# `NLP WorkFlow and Problems That Arise`:

# <font color=red>Mr Fugu Data Science</font>

# (◕‿◕✿)

# Purpose & Outcome:

+ General Workflow of an actual example

+ Show what problems come up and how you need to think about this depending on your analysis

`*********************************`

Typically, data is unstructured and needs to be converted or interpreted into a certain format for analysis. Textual data is no exception; evaluating social media posts or short messages such as text messages (sms) can be difficult tasks to handle due lack of structure, slang, etc.

`This dataset came from the https://newsapi.org/ on Sept. 19,2020`

# Downsides:

+ There are situations where `stemming` and `lemmatizing` are not useful and can effect your analysis. You need to consider when this may be a problem:

for example, if we were looking that getting a gist of a news article. Say that we want to summarize the article in just a few words then the part of speech (POS) is very important. Changing the ending of a word or changing to lowercase can be a problem.

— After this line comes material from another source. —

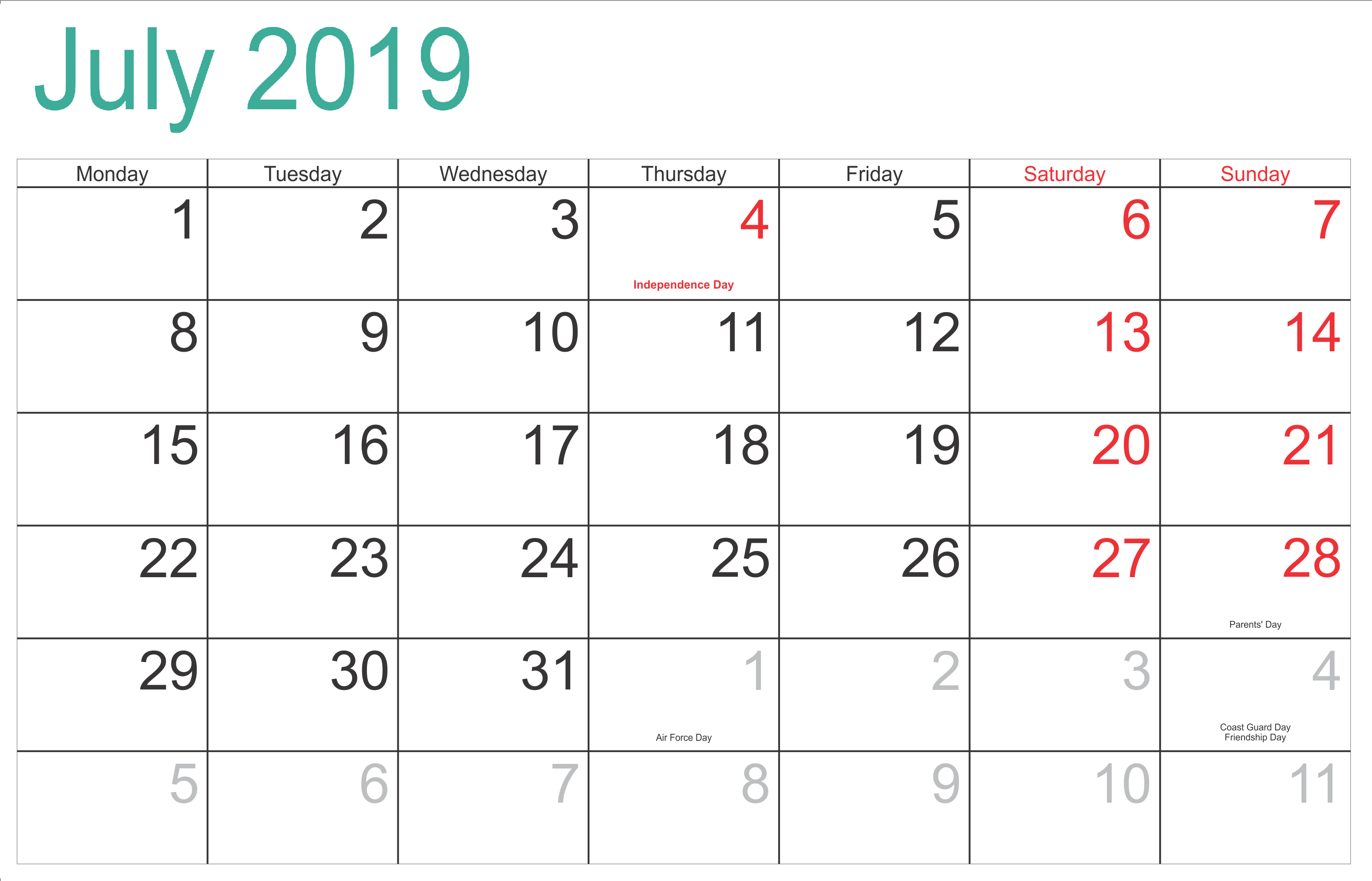 July is often termed as Hay month because all the grass dries because of no rain and can be made into Hay. As July is the compassionate month of Love, Passion and Integrity Ruby is made the birthstone of this month as it signifies Love, affection, and Passion. See More July 2019 Calendar Template
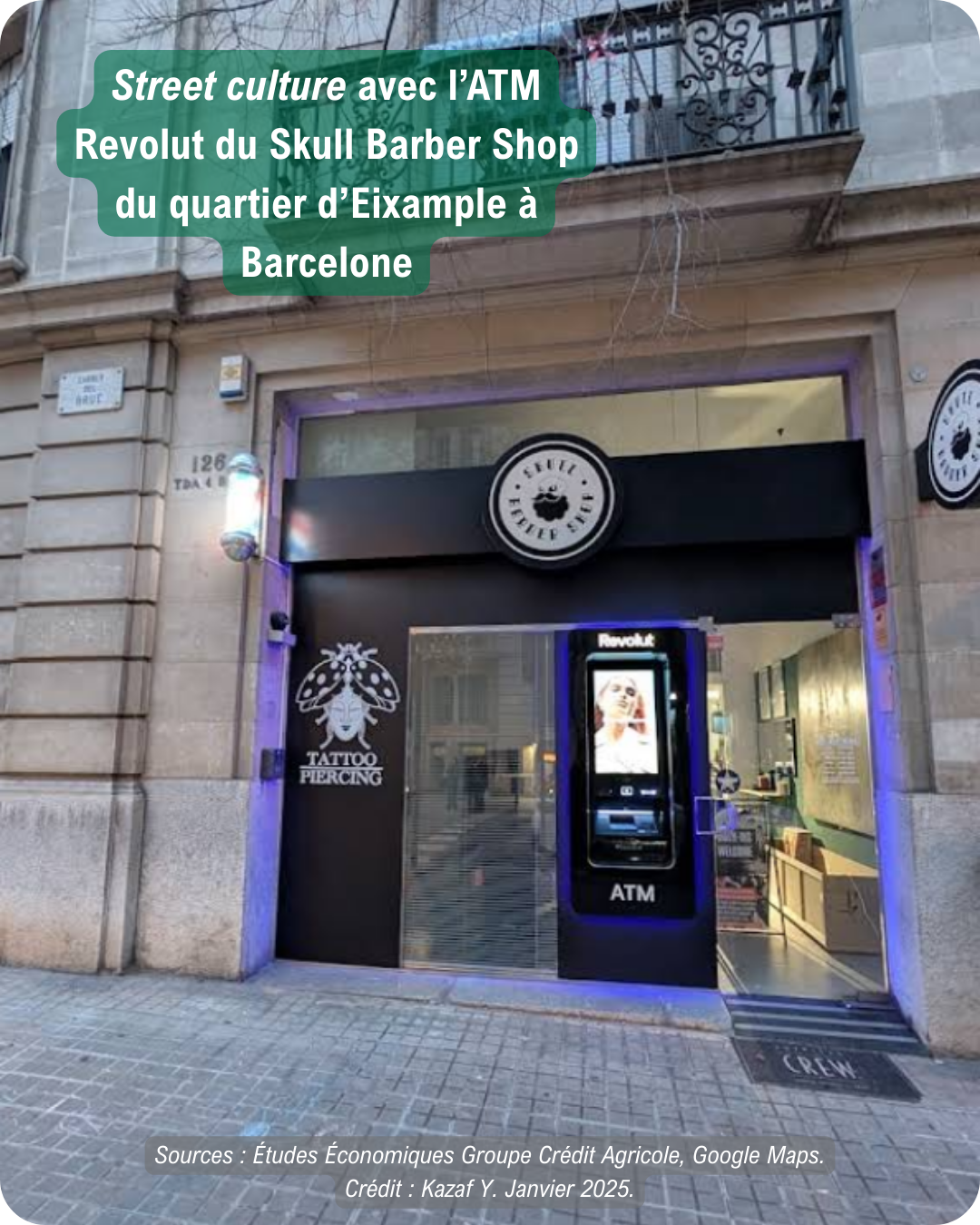 L’implantation de DAB chez les barbiers du Skull Barber Shop des rues Rocafort et Còrsega est plus audacieuse encore. Elle est révélatrice d’une volonté de fusionner avec la street culture. Revolut s’installe dans des espaces masculins, jeunes, soignés, où l’esthétique compte autant que le service. L’ATM n’est plus un utilitaire urbain, il devient un accessoire de décor, au même titre que le fauteuil en cuir vintage ou les LED au halo mauve bleuté qui enveloppent la façade de l’enseigne.

+ Having spelling errors: 

+ Words not separated by space `supposebut`, `wearehungry`

+ Conjugation: `don't`, `can't`

+ Abreviations/Acronyms: `gov't`,`FBI`,`NASA`

These are all concerns that need to be handled on a case by case basis. 

In [10]:
import pandas as pd
import nltk                              # text processing
from nltk import word_tokenize           # split sentence into list of words
from nltk.corpus import stopwords        # remove: and,it,i,etc
import string                            # punctuation removal
from nltk.stem import WordNetLemmatizer  # remove word endings etc
from collections import defaultdict      # dict with values as lists
from textblob import TextBlob            # fix spelling 
from nltk.corpus import words            # find words as comparison to see if valid
from collections import Counter


In [2]:
# news file to parse:
news_=pd.read_csv('goog_api_techstuff.csv')

# one entry: which appears to be a small article
print(news_['content'][13])
print('----------------------')
print(news_['description'][13])

news_.head(2)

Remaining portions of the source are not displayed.